Before compression, build an alias map:

owners = {}
for name, parameter in model.named_parameters(remove_duplicate=False):
    owners.setdefault(id(parameter), []).append(name)

shared = [names for names in owners.values() if len(names) > 1]

After rewriting the graph, confirm that intended aliases remain tied and the optimizer does not update duplicate copies.

Validate exported graphs

The in-memory training model is not the deployment artifact. Exporters can fold constants, transpose weights, reject sparse operators, or lower factorized layers into unexpected subgraphs.

For each target runtime:

  • inspect operator types and tensor shapes;
  • confirm sparse metadata survives;
  • compare serialized size;
  • run fixed input fixtures against the source model;
  • measure peak memory and latency after warm-up;
  • profile the kernels actually dispatched;
  • test all supported batch and sequence buckets.

A compressed checkpoint that falls back to CPU for one unsupported sparse operator can be slower than the dense baseline.

Quality evaluation needs slices

Compression error is not uniform. Pruning can damage rare features. Distillation can suppress low-probability alternatives. Low-rank approximation can remove directions that matter for a small task slice.

Evaluate:

  • perplexity or task loss on real held-out text;
  • downstream accuracy by domain and language;
  • long-context behavior;
  • calibration and uncertainty;
  • tool-call schema validity;
  • safety and refusal behavior;
  • generation repetition and degeneration.

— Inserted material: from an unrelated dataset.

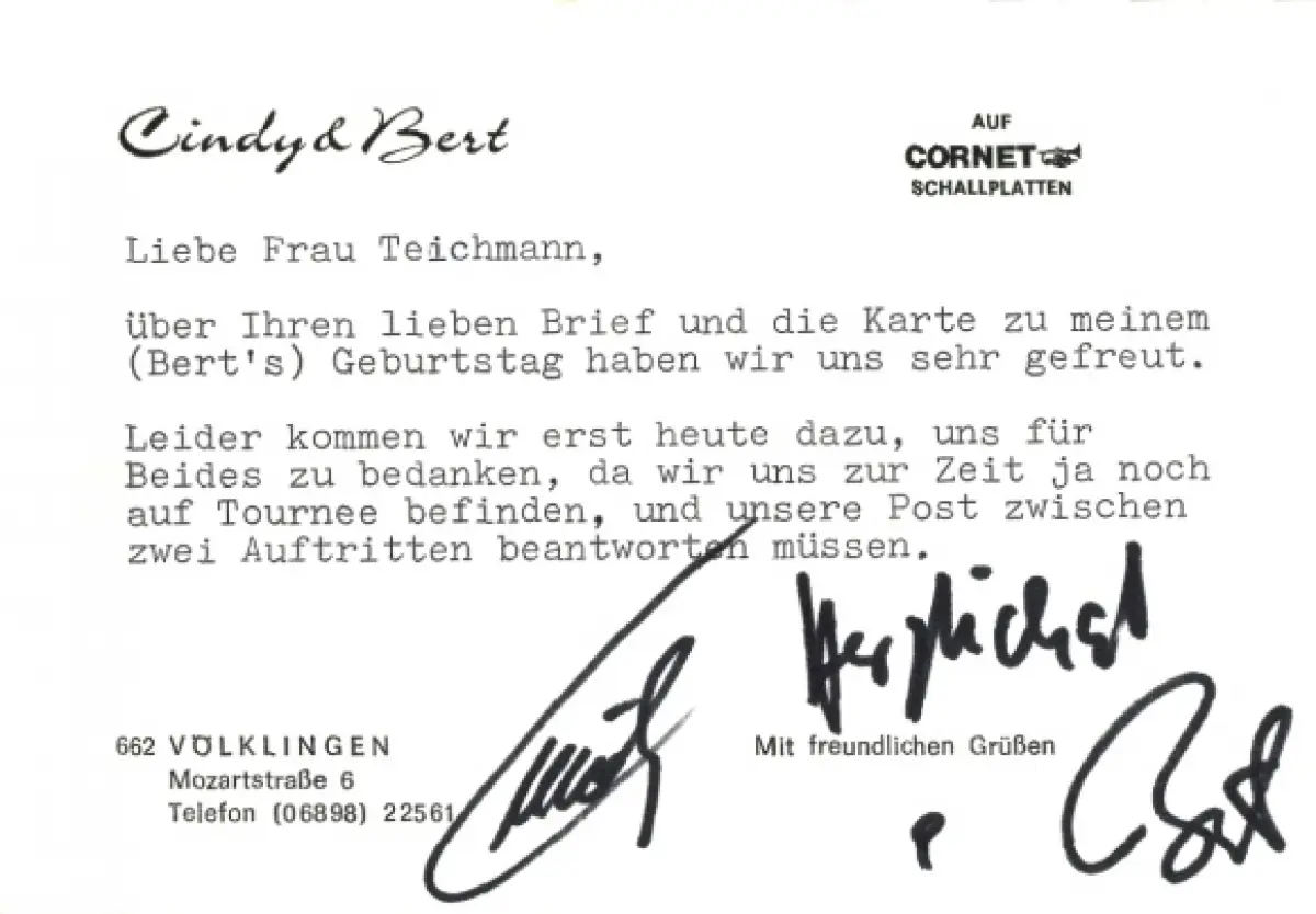 Ak Sänger Duo Cindy und Bert, Autogramme

Compare against an uncompressed checkpoint under identical decoding settings. If the compressed model needs a different sampler to recover quality, report both the model and sampler change.

Recovery failures

Mask drift: Pruned weights become nonzero during tuning because the optimizer updates them. Reapply the mask after updates or use masked parameterization.

Shape mismatch: Structured pruning updates weights but not configuration, rotary tables, or tensor-parallel metadata. Load the exported model in a fresh process before declaring success.

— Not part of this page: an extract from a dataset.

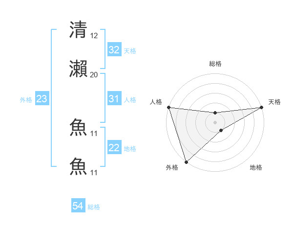 清瀨 魚魚さんを姓名の画数から五運を鑑定

Teacher leakage: Evaluation prompts or their derivatives enter distillation data. Split source groups before teacher generation.

Rank collapse: A factorization uses one rank for every layer despite different spectra and sensitivity. Allocate rank by measured reconstruction and downstream loss.

No runtime gain: The artifact is smaller but latency is unchanged. Inspect kernels, launch count, memory bandwidth, and sparse support.

Compression is a contract between an algorithm and a runtime. Unstructured pruning needs sparse execution, structured pruning needs valid dense shapes, distillation needs independent evaluation, and factorization needs efficient paired operators. The final evidence is an exported model that meets memory, latency, and quality budgets on its target hardware.

References

Footnotes

  1. SparseGPT: Massive Language Models Can Be Accurately Pruned in One-Shot.

  2. Compact Language Models via Pruning and Knowledge Distillation.

  3. Distilling the Knowledge in a Neural Network.